For the past few months, I’ve been engaged in some of the most fascinating and intensive research I’ve ever undertaken. A major element of my exploration has been the question: What did the great thinkers of Greco-Roman antiquity have to say about the nature of the cosmos, particularly the applicability of mathematics to the natural world? In canvassing mathematicians, engineers, philosophers, and theologians from Plato to the fall of Rome, I learned a great deal about the brilliance of these men and why Western thought is so indebted to them.
One figure that I found particularly interesting was Nicomachus of Gerasa (60-120 AD), a Neo-Pythagorean who was trained in mathematics and philosophy in Alexandria, the epicenter of scholarship and home of the most famous (but tragically ill-fated) library in history. He wrote an Introduction to Arithmetic that became enormously successful, enduring as a standard textbook for the remainder of Antiquity and (in Latin paraphrase) throughout the Middle Ages. He also penned an Introduction to Harmonics that still survives and an Introduction to Geometry and Life of Pythagoras that, sadly, have been lost.

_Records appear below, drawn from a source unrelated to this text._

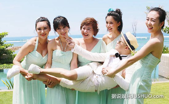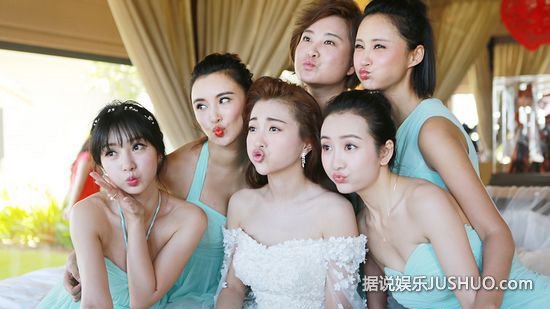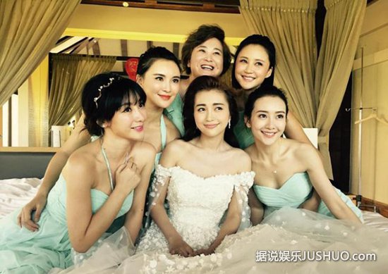 柳岩、贾玲、张歆艺、王鸥和莫小棋为伴娘团;
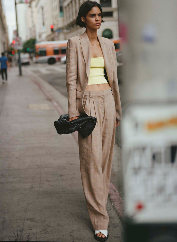 Styling Tip: ?For a refreshingly feminine take on tailoring, wears yours with a sculptural knit top and slide sandals.
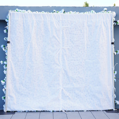 Le mélange de fleurs blanches éclatantes et de fleurs bleues sereines crée une atmosphère harmonieuse et rafraîchissante, parfaite pour un décor sophistiqué et romantique. Transformez votre lieu de mariage avec un superbe fond floral blanc et bleu qui incarne l'élégance et la tranquillité. La juxtaposition des teintes blanches et bleues sur une verdure luxuriante évoque un sentiment de sérénité et de sophistication, ce qui en fait une toile de fond idéale pour échanger des vœux ou capturer des moments mémorables.

Nicomachus was not a Christian, but in reading his work it is evident that he perceived intentional design in nature, and saw mathematics and philosophy as partners in illuminating higher truth about the world.
In Introduction to Arithmetic chapter three, he offers an elegant metaphysical statement on the mathematical nature of the intelligently-designed cosmos:
All that has by nature with systematic method been arranged in the universe seems both in part and as a whole to have been determined and ordered in accordance with number, by the forethought and the mind of him that created all things; for the pattern was fixed like a preliminary sketch, by the domination of number pre-existent in the mind of the world-creating God, number conceptual only and immaterial in every way, but at the same time the true and eternal essence, so that with reference to it, as to an artistic plan, should be created all these things, time, motion, the heavens, the stars, all sorts of revolutions.

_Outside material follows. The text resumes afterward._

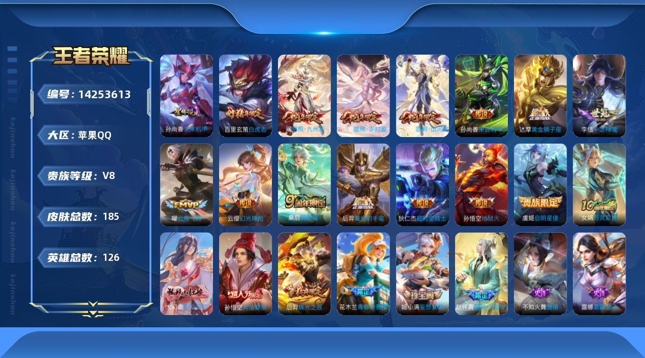 [14253613]金标后裔苹果Q-185皮肤-14传说-45史诗 【传说皮肤】:司空震愿照山河定,澜愿照九州拓,虞姬愿照岁时盈,云缨幻光神枪,桑启鸣野蒿,虞姬启明星使,曜云鹰飞将,李信一念神魔,达摩黄金狮子座,百里玄策白虎志,后羿黄金射手座,孙尚香末日机甲,孙悟空地狱火,狄仁杰超时空战士 【限定皮肤】:白起狰,蒙犽顽岩魄,姜子牙天穹之誓,狄仁杰阴阳师,赵云皇家上将,妲己热情桑巴,芈月重明,甄姬游园惊梦,曹操烛龙,典韦穷奇,狄仁杰魔术师,狄仁杰万华元夜,达摩沙漠行僧,项羽海滩派对,老夫子醍醐杖,程咬金演武夺筹,韩信逐梦之影,兰陵王金庭之子,花木兰青春决赛季,孙悟空大圣娶亲,牛魔御旌,后羿辉光之辰,李元芳银河之约,虞姬启明星使,钟馗驱傩正仪,女娲朔望之晖,太乙真人饕餮,鬼谷子原初探秘者,百里玄策白虎志,百里玄策原初追逐者,弈星混沌棋,沈梦溪星空之诺,沈梦溪大漠名商,明世隐疑决卦,裴擒虎李小龙,米莱狄御霄,云中君纤云弄巧,盾山御銮,上官婉儿梁祝,姬小满妄想食味,沈梦溪龙舞盛年,刘邦剑破天穹,周瑜熔金海岸 【年限皮肤】:百里玄策白虎志,后羿辉光之辰 【赛季限定】:白起狰,芈月重明,曹操烛龙,典韦穷奇,狄仁杰万华元夜,达摩沙漠行僧,老夫子醍醐杖,程咬金演武夺筹,兰陵王金庭之子,牛魔御旌,钟馗驱傩正仪,太乙真人饕餮,鬼谷子原初探秘者,百里玄策原初追逐者,弈星混沌棋,沈梦溪大漠名商,明世隐疑决卦,米莱狄御霄,盾山御銮,刘邦剑破天穹,姜子牙天穹之誓 【战令限定】:李元芳银河之约,女娲朔望之晖,沈梦溪星空之诺 【史诗皮肤】:项羽苍穹之光,露娜紫霞仙子,赵云皇家上将,赵云未来纪元,貂蝉圣诞恋歌,狄仁杰魔术师,宫本武藏鬼剑武藏,孙尚香水果甜心,吕布圣诞狂欢,刘禅绅士熊喵,曹操幽灵船长,李白千年之狐,妲己热情桑巴,花木兰水晶猎龙者,刘邦德古拉伯爵,韩信逐梦之影,夏侯惇乘风破浪,小乔缤纷独角兽,兰陵王暗隐猎兽者,诸葛亮黄金分割率,甄姬游园惊梦,亚瑟心灵战警,安琪拉心灵骇客,后羿辉光之辰,花木兰青春决赛季,百里守约特工魅影,铠曙光守护者,蔡文姬舞动绿茵,李元芳逐浪之夏,孙悟空大圣娶亲,狄仁杰鹰眼统帅,上官婉儿梁祝,李元芳银河之约,小乔青蛇,不知火舞魅语,百里玄策原初追逐者,裴擒虎李小龙,云中君纤云弄巧,姬小满妄想食味,蒙犽顽岩魄,大司命东方月初,姬小满战舞者,亚连破空之剑,赵怀真器灵浮梦炉,女娲万灵启世 【其

If you are familiar with Plato’s Republic, you will notice the similarity of language.
This is such a fine example of how beautifully integrated higher learning was during that time. Scholars recognized and embraced the fact that the various branches of learning interact with one another, and believed that the philosophical and theological inferences that naturally flow from the sciences shouldn’t be omitted from academic discussion.